Write out the entries below exactly, but only from the line containing "krbová kamna v obývacím pokoji s kuchyní" through the line containing "У значній частині", and without the pictures.

• [Data for review]:

Content starts

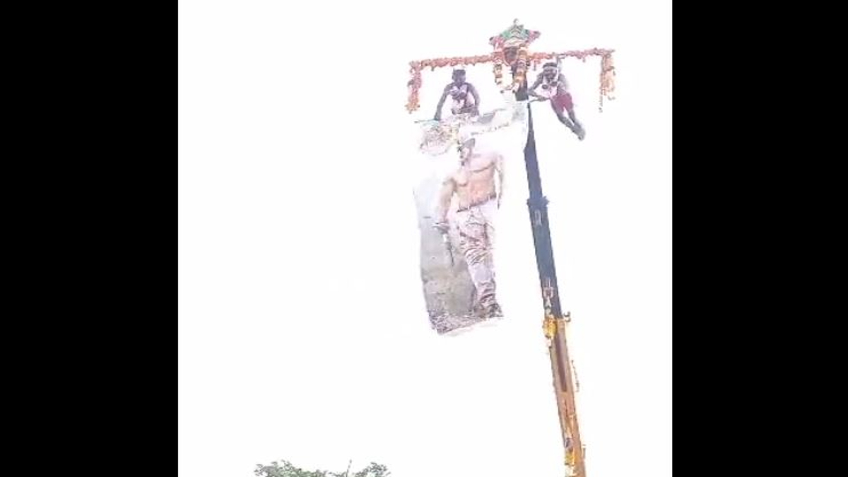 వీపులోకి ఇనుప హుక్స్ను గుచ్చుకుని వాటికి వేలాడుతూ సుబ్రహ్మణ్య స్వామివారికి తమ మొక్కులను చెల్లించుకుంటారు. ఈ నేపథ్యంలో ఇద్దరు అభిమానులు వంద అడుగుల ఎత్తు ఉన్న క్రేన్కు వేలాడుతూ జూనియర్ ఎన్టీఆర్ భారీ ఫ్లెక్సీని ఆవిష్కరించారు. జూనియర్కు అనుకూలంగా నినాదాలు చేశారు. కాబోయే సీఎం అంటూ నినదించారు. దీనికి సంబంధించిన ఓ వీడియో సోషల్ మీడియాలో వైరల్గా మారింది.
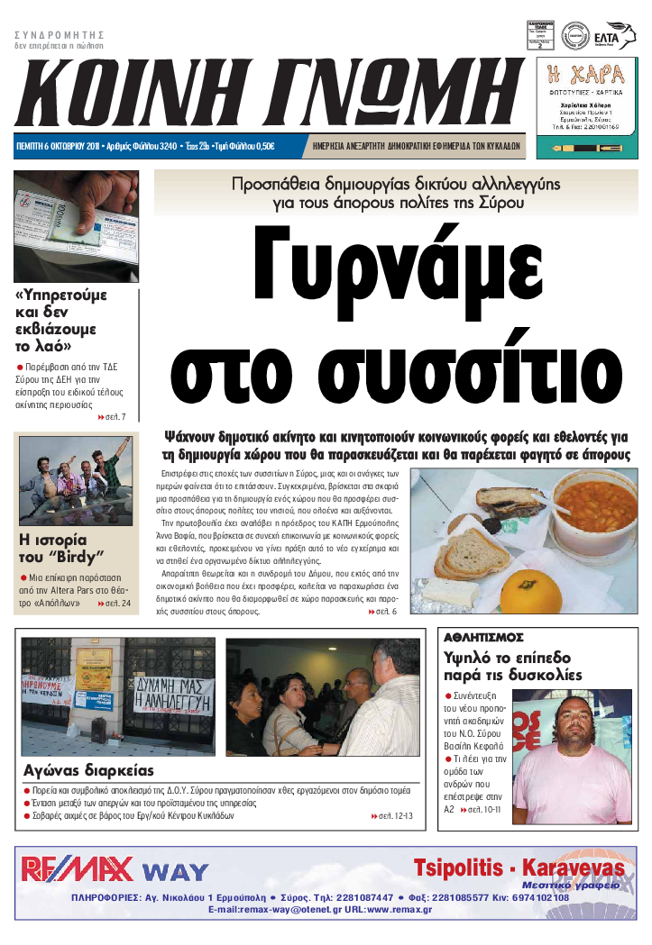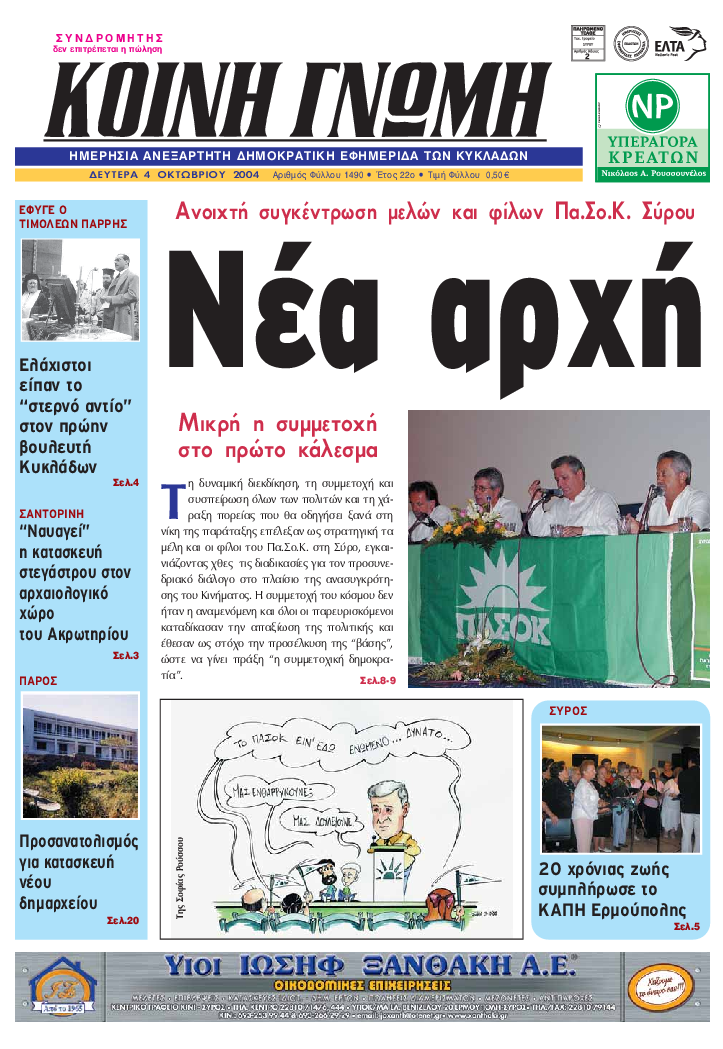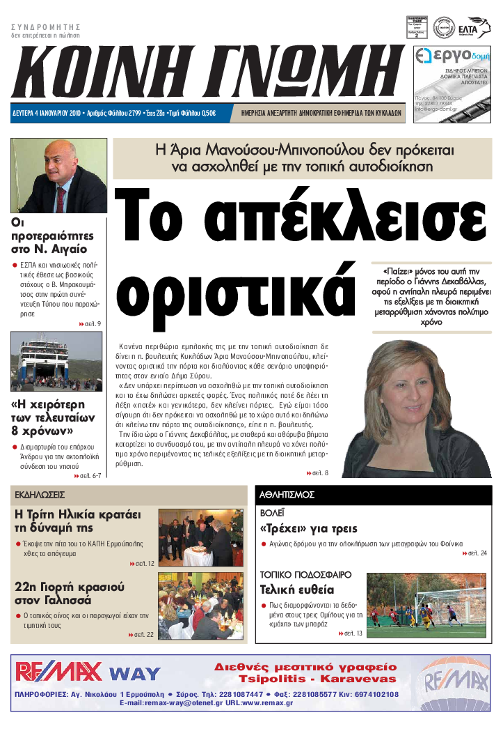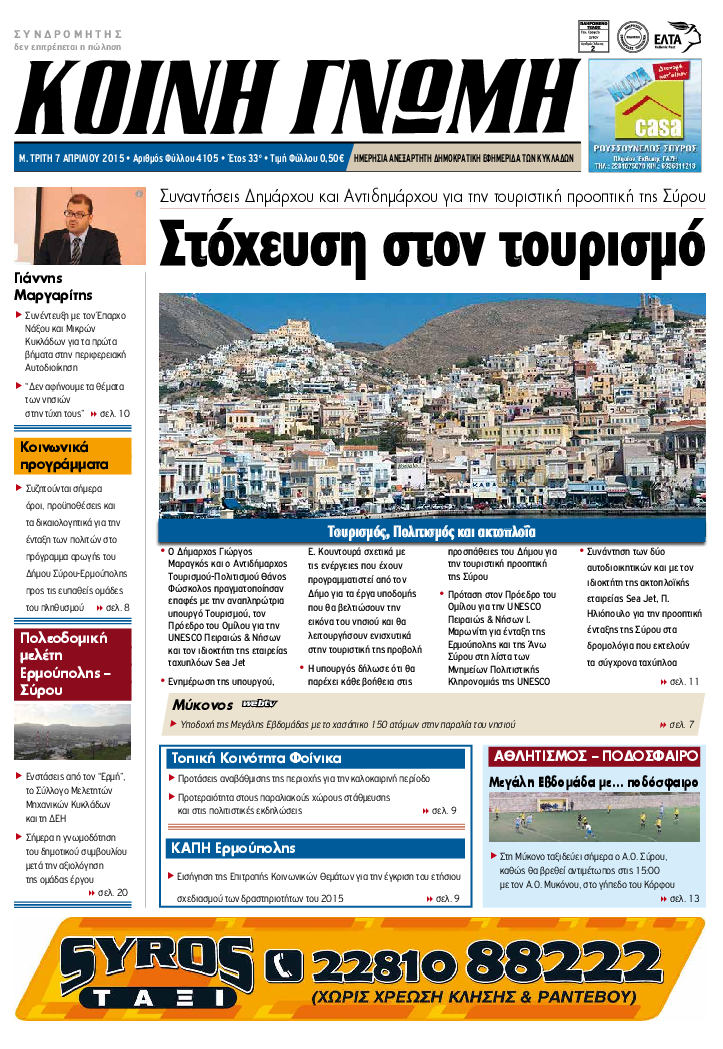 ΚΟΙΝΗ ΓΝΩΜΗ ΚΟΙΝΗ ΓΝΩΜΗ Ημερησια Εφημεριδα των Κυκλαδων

Content ends
Content starts

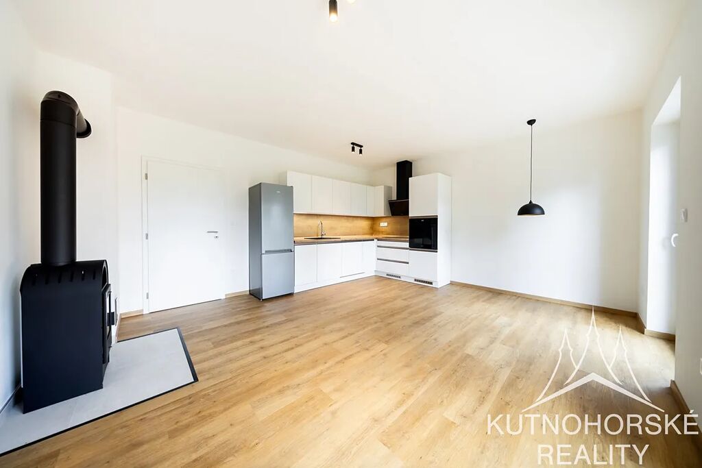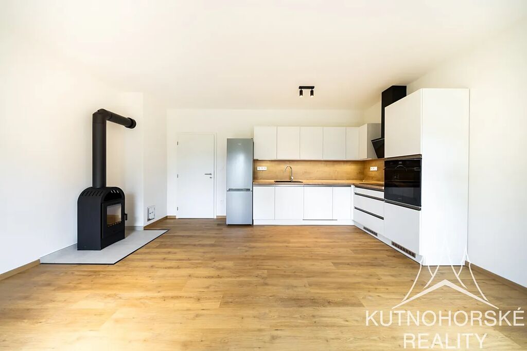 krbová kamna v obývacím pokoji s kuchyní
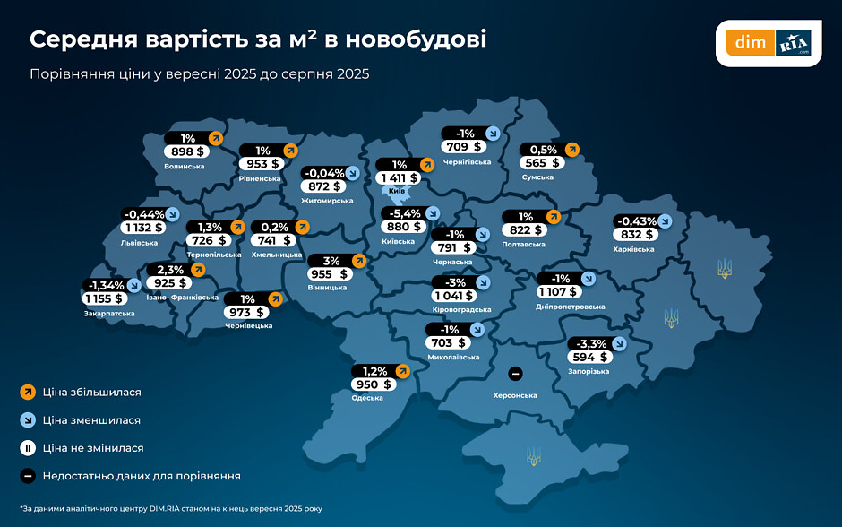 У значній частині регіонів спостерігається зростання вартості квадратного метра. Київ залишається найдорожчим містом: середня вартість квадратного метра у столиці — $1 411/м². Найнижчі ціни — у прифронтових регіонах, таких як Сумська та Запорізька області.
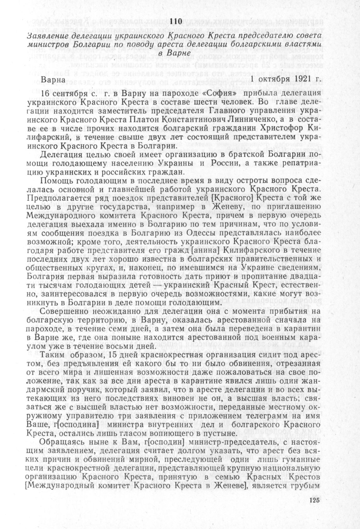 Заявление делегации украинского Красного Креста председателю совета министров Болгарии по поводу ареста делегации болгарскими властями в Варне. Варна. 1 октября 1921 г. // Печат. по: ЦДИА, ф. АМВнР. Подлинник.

Content ends

• [Exercise output]:
 krbová kamna v obývacím pokoji s kuchyní
 У значній частині регіонів спостерігається зростання вартості квадратного метра. Київ залишається найдорожчим містом: середня вартість квадратного метра у столиці — $1 411/м². Найнижчі ціни — у прифронтових регіонах, таких як Сумська та Запорізька області.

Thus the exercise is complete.